Worth mentioning that a lot of ecologists use Python for GIS work – ArcGIS is essentially just a Python GUI, and knowledge of the language is very helpful for batch processing etc. Though, with the growing GIS capabilities of R that may change.
Good point – I should have added that to my list of reasons for switching to Python. Python is clearly becoming the choice for open source GIS (good libraries for GDAL, many GDAL command line utilities are written in python – e.g. gdal_calc.py) and Python is now the embedded language in ArcGIS. Notwithstanding the mapping libraries in R and Matlab (the latter of which I’ve used a lot and they’re adequate but not more), Python is THE language for GIS
Will Pearse has an interesting look at the r2 paper on his blog. It looks like the trend really only holds up well if you use the means of each year’s data. A nice argument for the use of open data.
Interesting. The trend is there, but there certainly is a *lot* of scatter around it when you look at the raw data. Will give this a shout-out in the next linkfest.
I think that a lot of the trend comes from a rapid increase in near 0 values in the last decade or so. It’s really pronounced and could easily drive a lot of the trend.
Looking at all R^2 data vs mean R^2 data shouldn’t (can’t) change the ‘trend’ (slope) if they’re using linear regression, but can change the R^2 associated with the line of best fit.
It’s still an interesting result, but disappointing that they chose to ‘hide’ all the variability in the raw data. I totally agree with Will Pierce (the blog link from downwithtime) that linear regression ain’t correct for data bounded by [0,1], particularly when so much of it is close to those boundaries! (However, the original article is behind a paywall, I can’t access it yet, so I apologise to the authors if I’m misrepresenting the methods here)
It is important to remember though, that these are only the REPORTED r2 values. Unlike the Moller & Jenions paper that back-calculated r2 values from the p/se/n reported, these are only the people who actually wrote an r2 value into their paper. That we had that many people who wrote r2s so close to zero into their paper without blushing is to me the main story. That and the increase to 11 p-values reported. Variance or no, it remains to me a pretty clear story of caring too much about p>0.
Hmm – weird HTML munging – the end of my comment was supposed to say caring too much about p less than 0.05 and not enough about r2 much greater than 0.
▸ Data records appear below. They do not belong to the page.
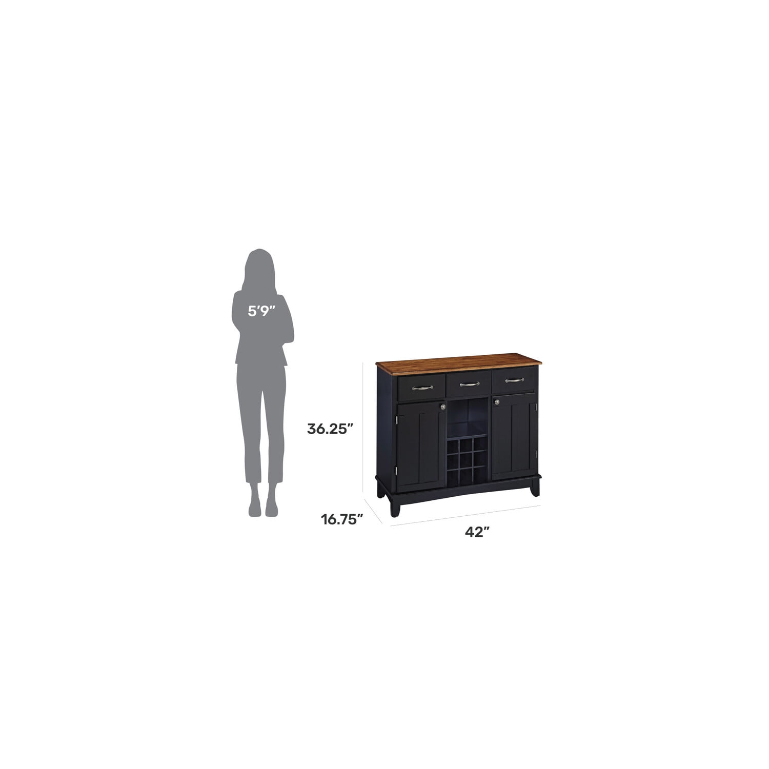 Store it all, display it all, and have it all with the Homestyles Buffet of Buffets Server. Whether used in the kitchen, dining room, or anywhere else, it brings organization to your life and style to your home. The variety of storage options including drawers, cabinets and a wine rack gives you the flexibility to figure out what’s just right for you. Pack more storage into a smaller footprint with this black server that easily coordinates with a variety of environments. Features: Hardwood is incredibly strong, easy to clean and maintains its beauty for ages. Adjustable shelves behind doors accommodate a variety of kitchen items. Black body finish for a chic look that never goes out of style and a cottage oak finish on the top for contrasting warmth. Removable wine storage provides flexibility for wine bottles or simply open storage. Brushed steel hardware is extremely durable for high-traffic areas. Some assembly required using our easy-to-understand directions. Furniture conveniently delivers straight to your home. Specifications: Assembly Required: Yes Hardware: Hardware included Frame Material: Wood Number of Shelves: 3 Number of Drawers: 3
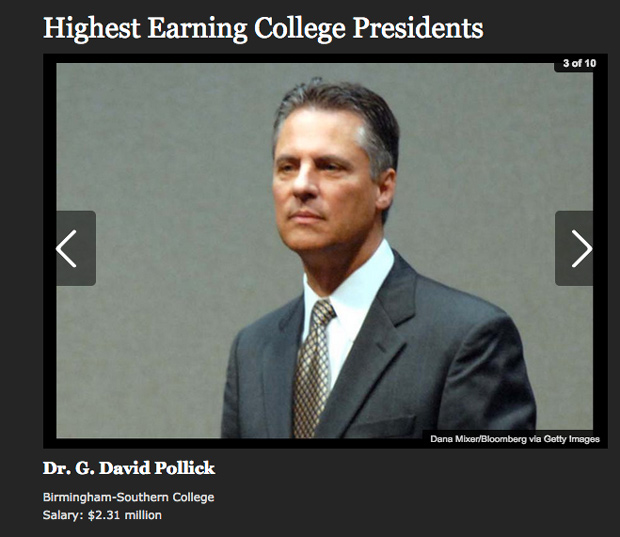 Па дадзеных Forbes, пяць год таму Дэвід Полік уваходзіў у тройку самых высокааплатных прэзідэнтаў прыватных каледжаў ЗША з заробкам у $2.31 млн за год.
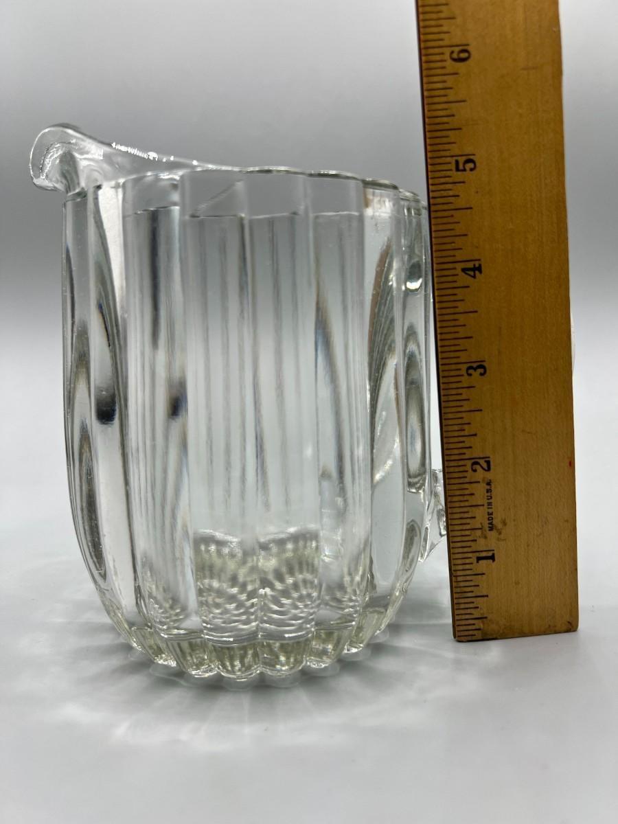 Vintage Ribbed Glass Hobnail Bottom Jeannette Glass Pitcher, there is no signifncant damage to the glass and is in good vintage condition. Check pictures for more details and for sizing.
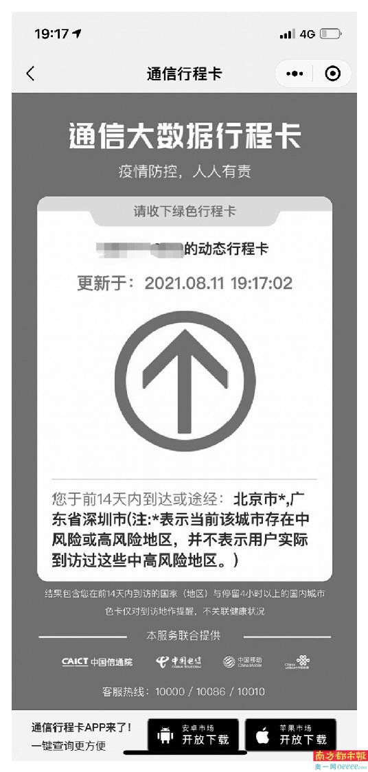 据了解,陈女士7月28日从北京返回深圳,至参加科目二考试当天,行程卡仍显示“北京市*”的行程轨迹。另外,行程卡中亦显示有(注:*表示当前该城市存在中风险或高风险地区,并不代表用户实际到访过这些中高风险地区)。
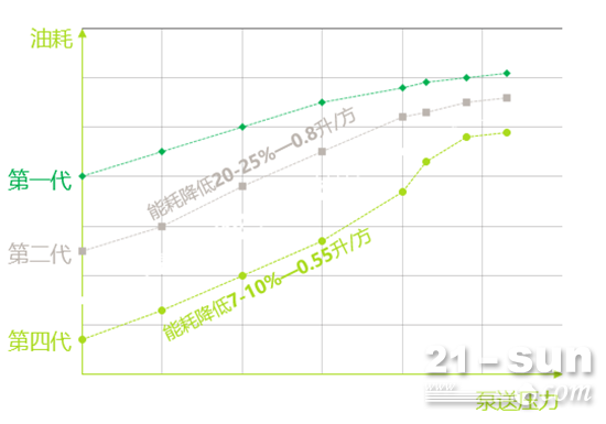 中联重科一直注重节能技术的研究,已经开发了第四代-自适应变功率技术,基于实际泵送混凝土的料的情况自动调节发动机的扭矩特性,确保任意工况下,发动机始终工作在最佳经济区,整个过程中是不需要外界人工干预的,该技术可以自动的识别、匹配和切换。经过4.0泵车的批量应用,整体油耗下降4%以上。
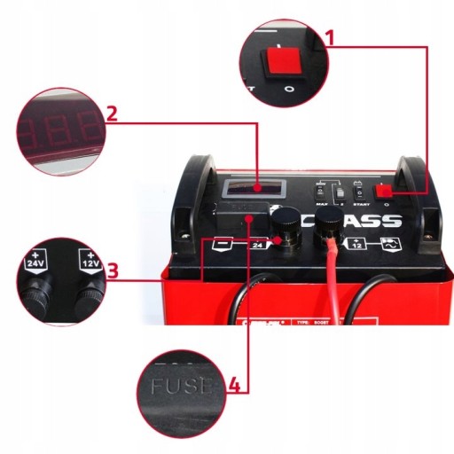 Prostownik CLASS 430 z funkcją rozruchu to narzędzie do ładowania i wspomagania rozruchu akumulatorów ołowiowo-kwasowych o napięciu 12 V, 24 V i pojemności akumulatorów od 40 Ah do 400 Ah.

I also find the scatter interesting, and the mean seems to be a really poor summary of what is going on. My guess is that the pattern is mostly driven by the selection of studies being published, with different criteria over time and maybe higher R2 standards to publish further back. Maybe less focus on R2 in recent times, and easier computing also means more models being tested and reported (could also explain the increase in p-values). The argument that the pattern is due to low-hanging fruit having been picked doesn’t really hold up if you look at the data – there is no shortage of studies with high R2 in recent times.